By Shopify API

Getting Started with Surfing - Boards, Fins, Wax and Reading Waves

Starting out in surfing raises a lot of questions fast: which board, which fins, which wax, and what do all the numbers in a surf forecast actually mean? This guide answers all of them in one place and points you to detailed guides for each topic.

Surf or SUP: Which Should You Start With?

Both disciplines use similar boards and share fin systems, but they demand different skills. SUP is easier to learn in the first hour — you start standing. Surfing takes longer to get upright but develops ocean reading skills faster. If you want to surf waves, start surfing. If you want to explore flat water or rivers, start with SUP.

Surf vs SUP: Which Is Easier to Learn?

Choosing Your First Surfboard

The single most common beginner mistake is starting on a board that is too short. A longer, thicker foam board — called a foamie or softboard — is dramatically easier to catch waves on and far safer for those around you. Volume is the key metric: for a beginner, aim for at least 50–60 litres more volume than feels comfortable. You can downsize in 6–12 months.

How to Choose Your First Surfboard

Understanding Fin Systems

Your board has a fin system built in. The most common for beginners are US Box (a single centre fin, common on longboards and foamies) and FCS or Futures (triple fin setups on shortboards and funboards). You do not need to change your fins to learn — but knowing your system means you can upgrade later without buying incompatible fins.

Surfboard Fins Explained: FCS, Futures and US Box Compared

How to Wax Your Board

Wax gives your feet grip on the deck. You apply a base coat first (hard wax), then a top coat matched to your water temperature.
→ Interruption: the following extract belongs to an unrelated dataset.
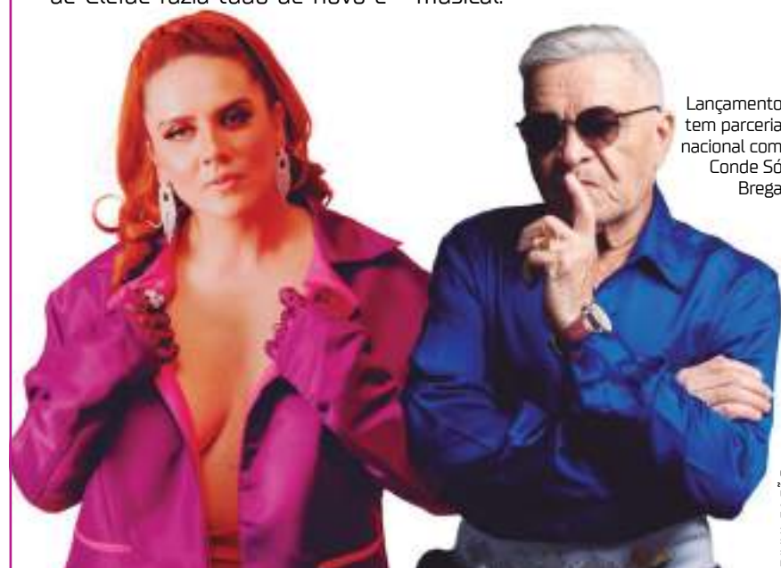
Lançamento tem parceria nacional com Conde Só Brega

Cold water wax is softer and stickier; warm water wax is harder and melts less. Wax the entire area where your feet and body make contact — which for a beginner on a foamie is almost the entire deck.

How to Wax a Surfboard: The Right Wax for Every Water Temperature

How to Read a Surf Report

A surf report gives you swell height, swell period, wind speed and wind direction. Swell period is the most important number for wave quality — a 12-second period produces far cleaner, more powerful waves than a 5-second period at the same height. Offshore wind (blowing from land to sea) grooms waves; onshore wind (blowing from sea to land) chops them up.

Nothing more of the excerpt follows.